Читаем Введение в философию полностью

Гениальность — это такое познание, которое не следует закону основания, а именно — познание идей. Предаваясь этому последнему роду познания, мы, следовательно, заняты не ради воли. Скорее всякий, кто предается чисто объективному созерцанию мира (т.е. именно познанию идей), совершенно утрачивает из виду свою волю, ее объекты и всю свою личность, не заботится более о всех касающихся ее обстоятельствах и становится чистым, лишенным воли субъектом познания. Перевес этого состояния над состоянием занятия волею и ее объектами показывает, что воля данного человека — не главная часть его существа, а, сравнительно с познанием в том же человеке, слаба.

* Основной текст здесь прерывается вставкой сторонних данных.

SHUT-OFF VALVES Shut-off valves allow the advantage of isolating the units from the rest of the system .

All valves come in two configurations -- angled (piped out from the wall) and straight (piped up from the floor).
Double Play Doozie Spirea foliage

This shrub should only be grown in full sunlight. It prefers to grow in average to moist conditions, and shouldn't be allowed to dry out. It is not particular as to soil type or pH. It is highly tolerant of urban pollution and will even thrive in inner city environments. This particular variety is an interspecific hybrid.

Очень сильное желание, корень всякого порока, напротив, никогда не позволяет человеку прийти к чистому, незаинтересованному, свободному по отношению к воле созерцанию мира (которое именно и создает habitus гения); познание остается здесь вечным рабом воли. См. § 462.

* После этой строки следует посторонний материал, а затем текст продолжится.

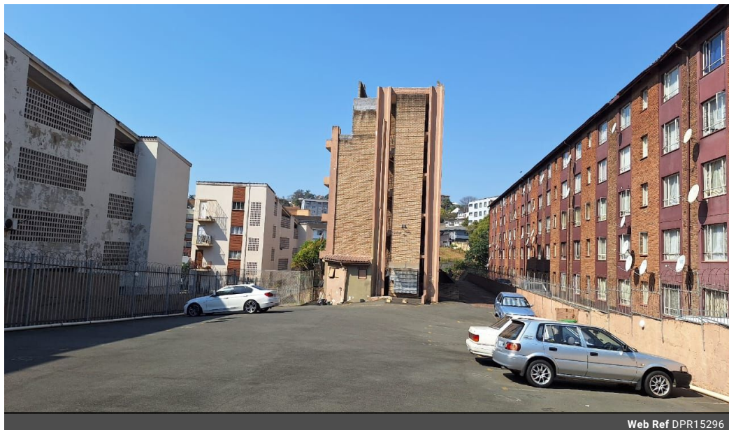
Web Ref DPR15296

558 Mountbatten Drive Reservoir Hills Durban 4090

Из сказанного достаточно выясняется противоположность гения и порока.

Тем не менее гений может, и даже весьма часто, сопровождаться сильной волей, и хотя гениальные люди никогда не бывали отъявленными злодеями, однако никогда не бывали, по-видимому, и совершенными святыми. Следующие соображения пояснят это.

Добродетель не есть именно положительная слабость воли. Скорее она представляет собою мотивированное познанием внутреннего существа воли в ее проявлении, мире, направление воли, подавление самой по себе сильной воли. Это познание мира (внутренняя сущность которого познается лишь в идеях) обще, следовательно, гению со святым. Разница в том, что гений проявляет это познание, воспроизводя его в любом материале; это воспроизведение и есть искусство, к которому святой как таковой как раз не способен; святой же обращает познание идей непосредственно на свою волю, и воля, благодаря этому, обращается, отрицает мир. Самое познание, следовательно, служит здесь, в сущности, лишь средством для отрицания воли. Гений же остается при познании идей: он чувствует себя хорошо при этом созерцании, и он проявляет его, воспроизводя познанное, т.е. — в искусстве.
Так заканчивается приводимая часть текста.